In a property functional language, tail call elimination guarantees stack frame reuse, so this essentially maps to the same structure as a for or while loop in, say, C.

If you're going to use something like this approach in Ruby or JavaScript, where you loop over a list with a function, you need to make sure that tail call elimination is available. If it isn't, you're going to take a performance hit as you recurse. And you can do this in Ruby or Javascript—you simply move the basis step to the top of the induction step definition.

Constant Assignment

This is very difficult to get used to in functional languages. Maintaining volatile state is pretty tough if the values you use to contain that state can't change, after all. So how do you work around this?

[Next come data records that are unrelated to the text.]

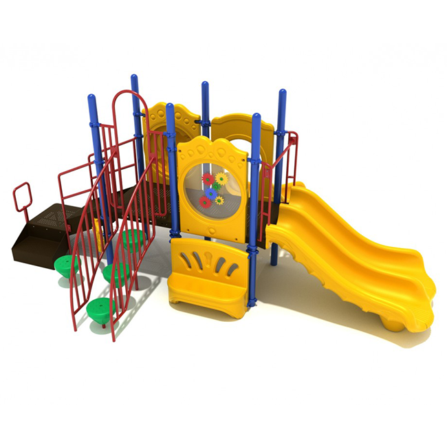 The Mystic playset is the perfect way to introduce your 2-5 year olds to imaginative play! Perfectly suited for pre-schools, elementary schools, and churches, this exciting structure has plenty of opportunities for kids to explore. Climb up the transfer station and stairs and choose between the Right Turn Slide and the Double Slides - the toughest decision they'll make all day! Kids can also test their coordination on the Pebble Climber or use their imaginations with the Ship's Wheel. There's also a Gear Panel and Bench Panel for when they need a rest. For added safety, they can hang onto the rails and take a break. Manufactured with commercial-grade materials and meeting ASTM National safety standards, the Mystic playset will be an adventure for everyone!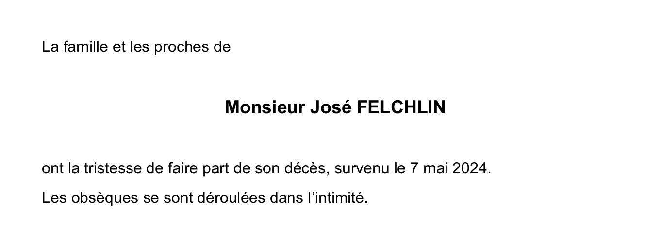 Monsieur José FELCHLIN 23 mai. 1958 - 07 mai. 2024 Avis mortuaire PFG Télecharger PDF Partager sur: Galerie PreviousNext PreviousNext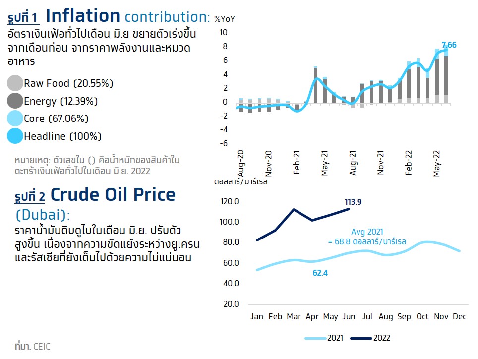 อัตราเงินเฟ้อทั่วไปเดือน มิ.ย. บวกเพิ่มขึ้นที่ 7.66% (YoY) ปัจจัยหลักจากราคาพลังงาน ทั้งน้ำมันเชื้อเพลิง ก๊าซหุงต้ม และค่าไฟฟ้า ที่ภาครัฐมีการขยายเพดานการตรึงราคาตามต้นทุนที่สูงขึ้น รวมถึงหมวดอาหารและเครื่องดื่มไม่มีแอลกอฮอล์ที่ปรับขึ้นสูง โดยเฉพาะ กลุ่มเนื้อสัตว์ เป็ดไก่ และสัตว์น้ำ และกลุ่มเครื่องประกอบอาหาร ด้านอัตราเงินเฟ้อพื้นฐานเพิ่มขึ้นจากเดือนก่อนอยู่ที่ 2.51%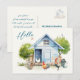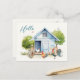 Postcard with chicken coop and optional printed message and address. Large "hello" text on the front is printed in the upper left corner over a cute, blue chicken coop design. Summer green trees poke from behind the chicken's house, with chickens and rooster in the yard.Perfect for keeping in touch with friends, customise with a personal message on the back. Also add a mailing address to the template provided, or delete the sample wording to order blank.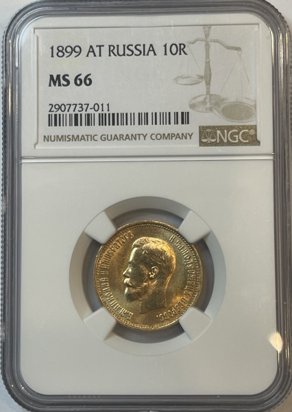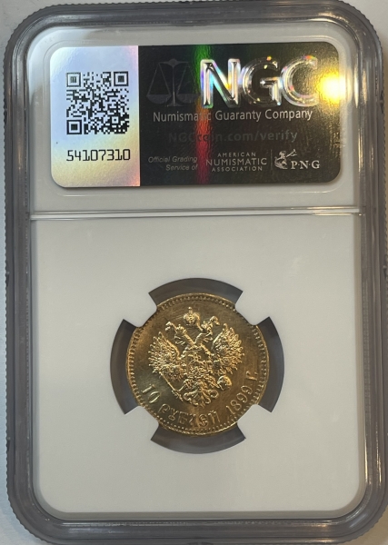 В центре изображен Малый Государственный Герб Российской империи - двуглавый орёл, головы которого увенчаны двумя коронами, третья, большая корона над ними. Все они соединены орденской лентой ордена Св. Апостола Андрея Первозванного. На груди орла расположен Московский герб, в щите изображен Георгий Победоносец с копьем поражающий дракона. Вокруг щита цепь ордена Св. Апостола Андрея Первозванного. На крыльях изображены гербы: Царства Казанского, Польского, Херсонеса Таврического, Астраханского, Сибирского, Грузинского, герб соединенных княжеств Киевского, Новгородского и Владимирского и герб Великого Княжества Финляндского — по 4 на каждое крыло. В правой лапе орла – скипетр, в левой – держава. Под ним слева направо изображены: номинал - надпись «10 РУБЛЕЙ» и дата выпуска «1899 Г.». По окружности канта имеются рельефные элементы, выполненные в виде зубцов.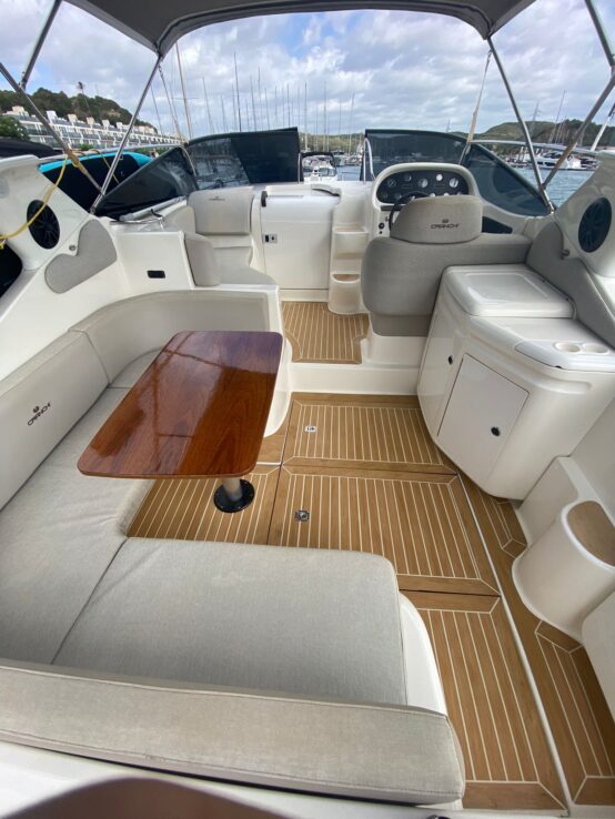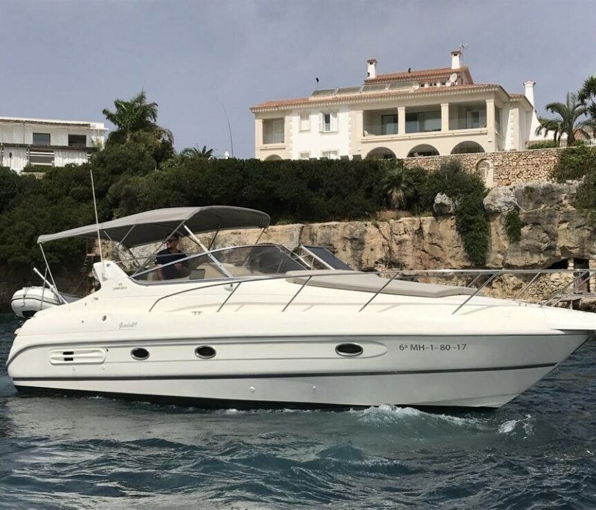 Descubre las espectaculares calas y playas de Menorca a bordo de uno de los modelos insignia del astillero italiano Cranchi. Su versatilidad y robustez serán tus mejores aliados para disfrutar de una jornada a bordo con absoluta comodidad. La embarcación dispone de una amplia bañera de popa para disfrutar de las largas sobremesas veraniegas, así como de un gran solarium de proa para tomar el sol.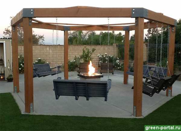 Беседка с качелями и кострищем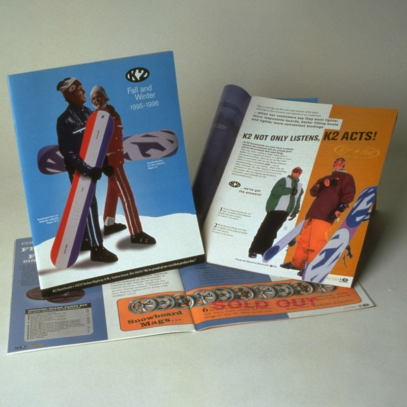 In the early days of snowboarding, K2 Snowboards was battling the issue of people associating their snowboards with ski culture because they were known primarily for their skis. And the last thing snowboarders wanted was to be associated with a ski brand. On an effort to separate K2 Snowboards from K2 Skis, I created an ad that was the antithesis to K2 Ski advertising: siimply what looked like scribbling on a tabloid page by a stoned snowboarder. I also designed and wrote the tabloid page and filled it with insider jokes for snowboarders. The ad helped K2 Snowboards really separate culturally from the ski crowd and change direction not only for their advertising, but also snowboard and catalog design.

Well, remember, assigned variables are only constant in the current scope. So how do you get around this? You keep the scope small, and bind the needed variables at function invocation. You can't write code that changes state during, say, a sequence of loops. So instead, write code that binds state at function invocation, and recurse. This way, you can maintain changing state, and do so in a way that makes it more difficult to mistakenly assign incorrect values to state variables.

And don't use global variables. Tough to get those to fall out of scope.

That's two of the key differences you'll see in true functional languages, rather than languages that have bolted on functional programming capabilities. Functional programming techniques can give you a new level of reuse, and make programs more clear, but at a potential cost in non-optimized environments.